Berdasarkan hasil pendalaman, sembilan korban berhasil dievakuasi dan berada di bawah perlindungan KBRI Phnom Penh. Penyelidik kemudian berkoordinasi dengan otoritas imigrasi Kamboja untuk mempercepat proses pemulangan para korban ke Indonesia.
“Dari hasil koordinasi dan penyelidikan ditemukan sembilan korban, yang di antaranya tiga orang perempuan dan enam orang laki-laki yang berasal dari wilayah Jawa Barat, Jakarta, Sumatera Utara, dan Sulawesi Tenggara,” jelas Brigjen Irhamni.
Saat ditemukan, para korban telah berhasil melarikan diri dari lokasi kerja mereka karena kerap mendapatkan perlakuan kekerasan. Mereka memilih untuk tinggal bersama di bawah perlindungan KBRI karena merasa ketakutan.
“Para korban saling bertemu pada saat melaporkan diri di KBRI Kamboja pada akhir bulan November 2025 dan selanjutnya memutuskan untuk tinggal bersama karena mereka ketakutan dan tidak mau kembali ke tempat mereka bekerja,” tuturnya.
Potensi Ratusan WNI Lain Terjebak di Kamboja
Brigjen Mohammad Irhamni juga mengungkapkan bahwa diperkirakan masih ada sekitar 600 WNI yang berada di Kamboja. Namun, ia belum dapat merinci lebih lanjut mengenai kondisi para WNI tersebut.
“Di sana (Kamboja) masih ada warga negara kita kurang lebih 600 (orang) menurut informasi dari kedutaan,” kata Irhamni.
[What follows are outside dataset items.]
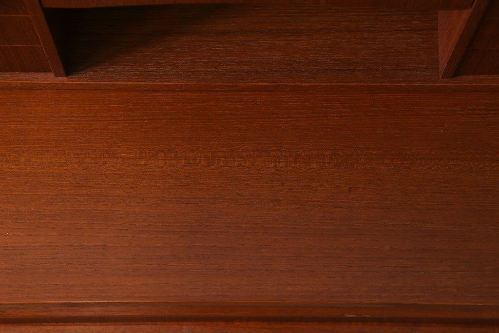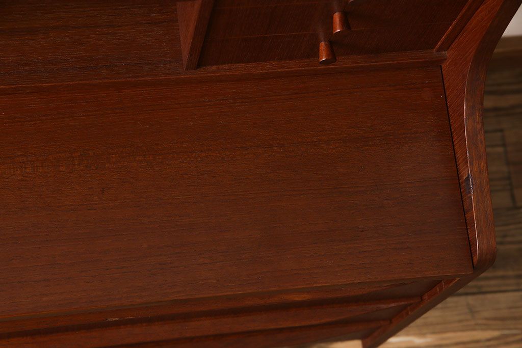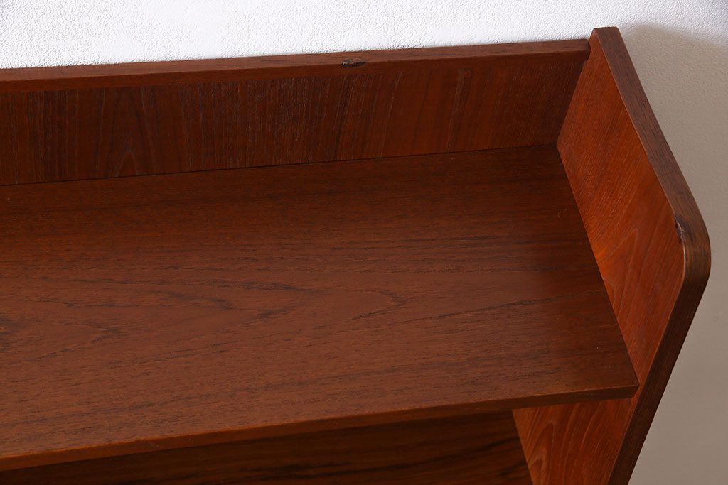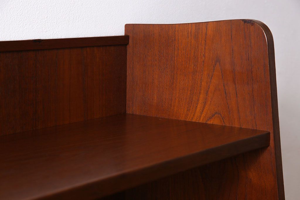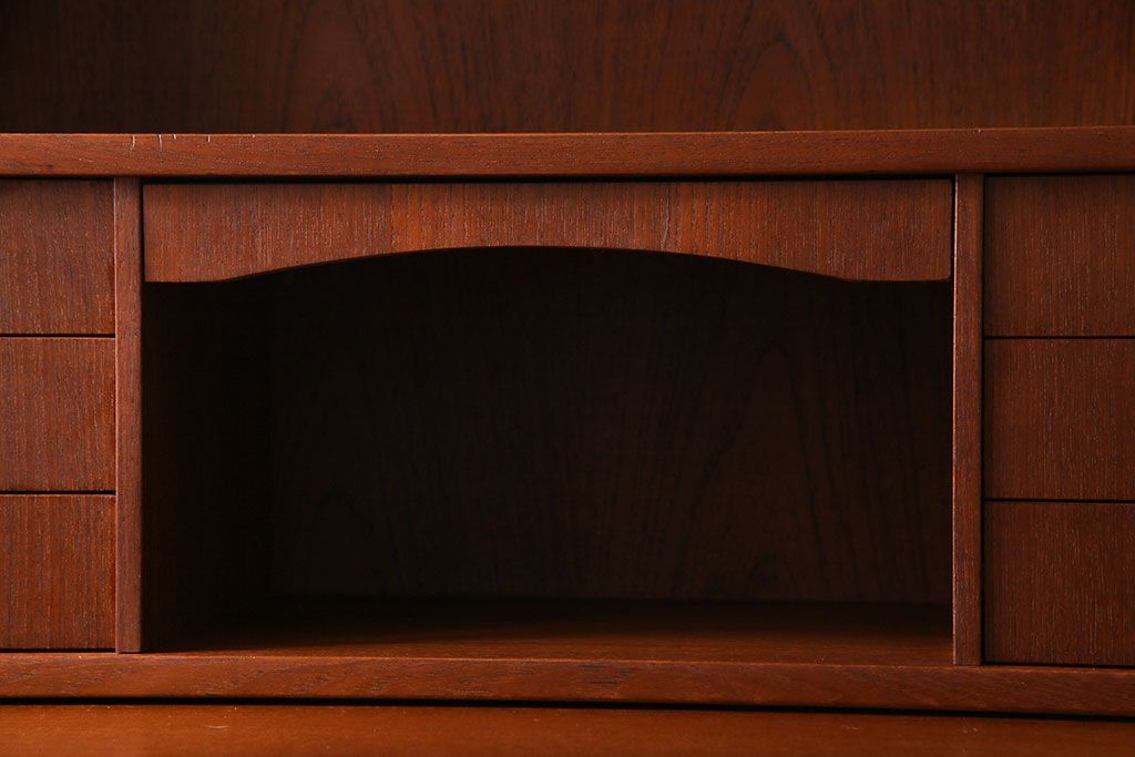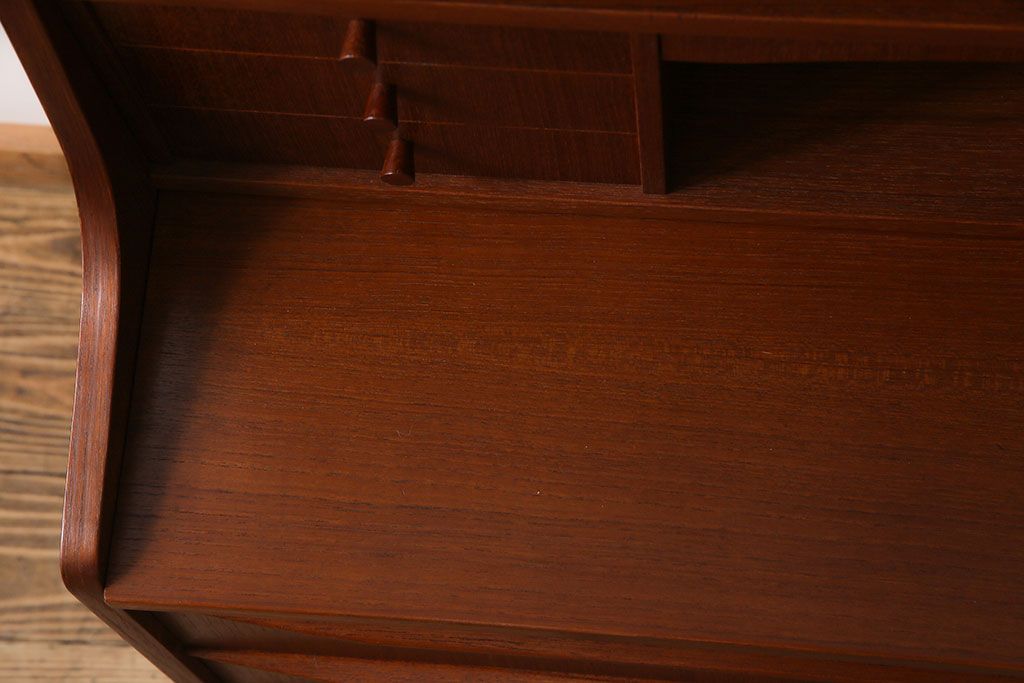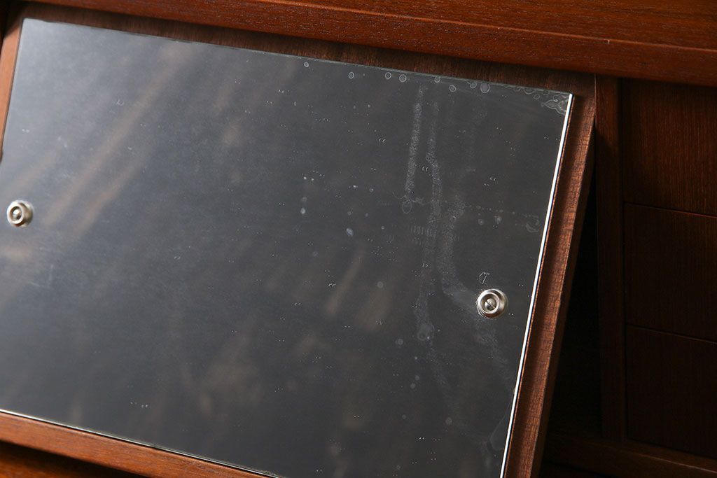 ヴィンテージ家具 北欧ビンテージ デンマーク チーク材 おしゃれで機能的な鏡付きビューロー(デスク、在宅ワーク、在宅用ドレッサー、ドレッシングチェスト、本棚)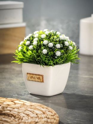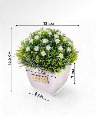- Компактный размер — всего 13 см, керамика и пластмасса: долговечные материалы, не выцветают и не требуют полива.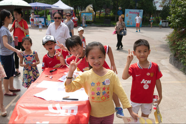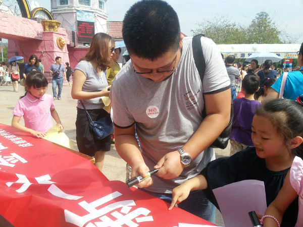 在活动最后时刻,作为本次活动的主要参加者,小朋友们和家长们也亲自在横幅上签下了他们的名字,活动也完美的结束了。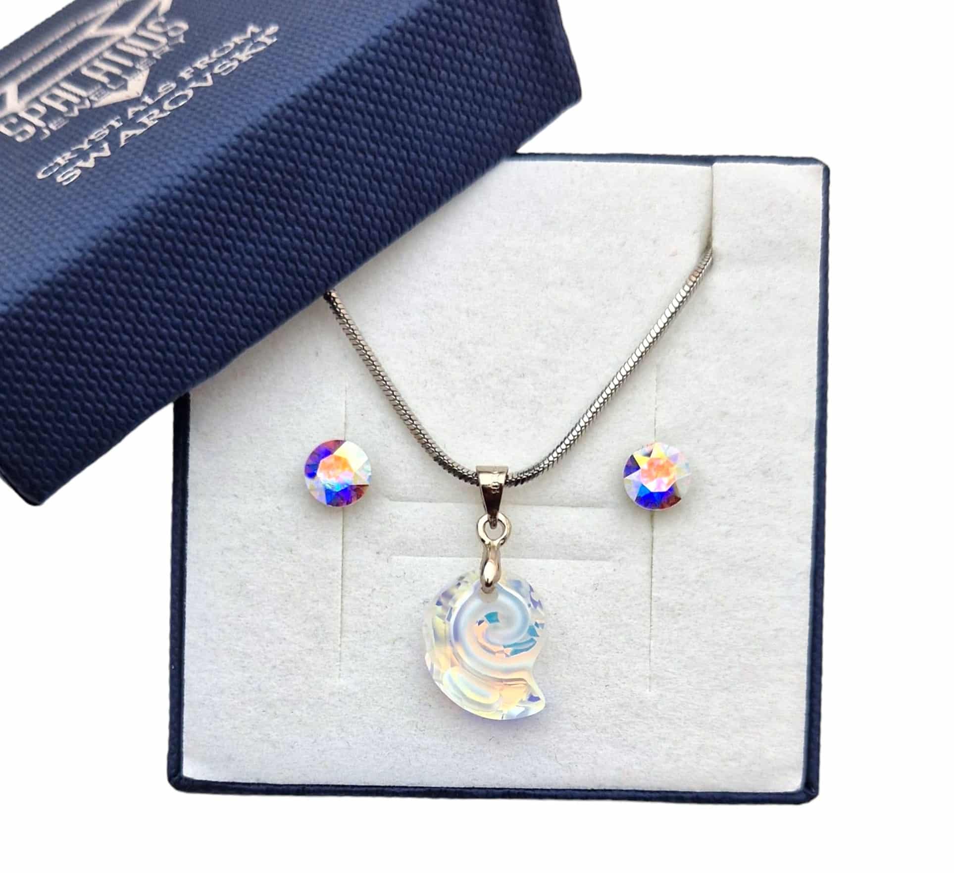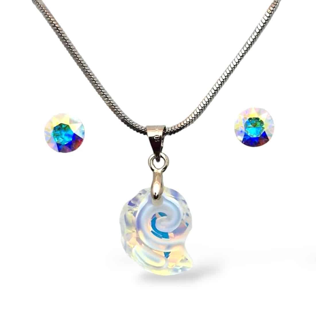 Limitált swarovski kristályos ékszerszett – Csiga 14 mm, Crystal AB ajándék díszdobozban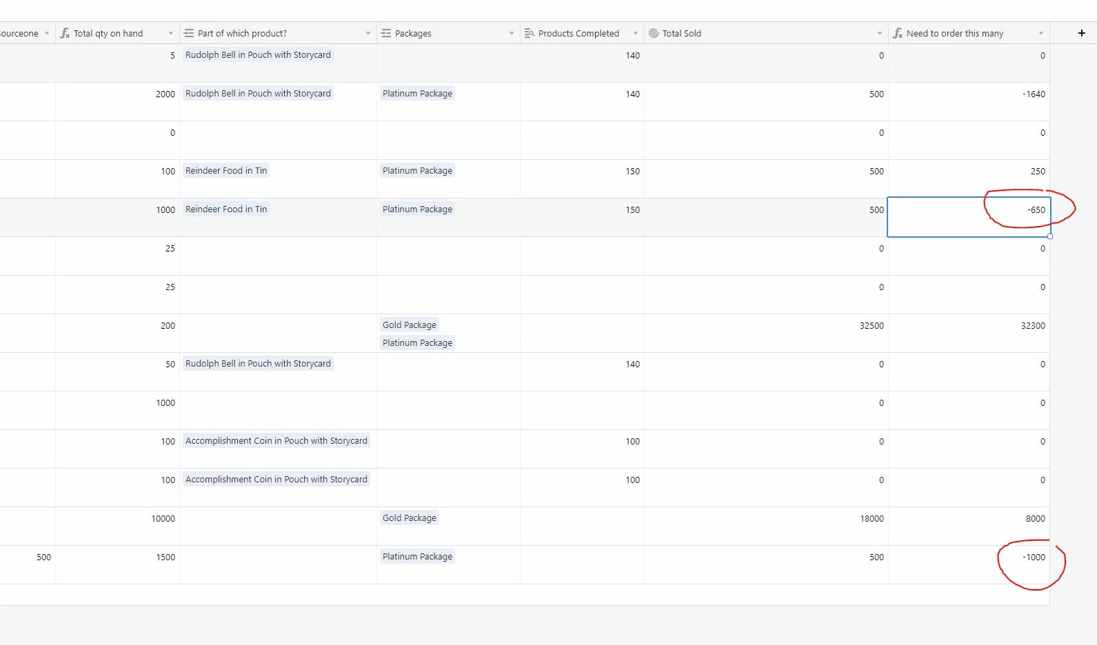IF({Total Sold}> 0, MAX({Total Sold}-({Products Completed}+{Total qty on hand})), 0)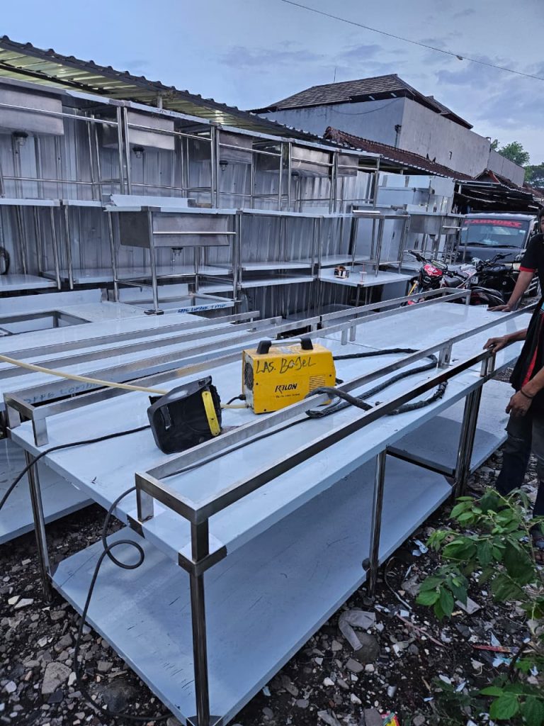 Desain dan fabrikasi food truck serta booth pameran stainless steel premium siap pakai untuk bisnis kuliner Anda.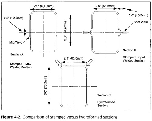 圖4-2比較了兩個沖壓組件與相同的內高壓成形組件。

Ia menjelaskan bahwa tidak semua WNI tersebut berada di perusahaan yang sama dengan sembilan korban yang telah dipulangkan. Mereka tersebar di berbagai tim dan lokasi kerja yang berbeda.
“Harapannya ke depan, itu data 600 orang itu lengkap ada. Dari mana asalnya dan bagaimana dia kondisinya di sana, kemudian dia bekerja di mana, lengkap sekali,” harapnya.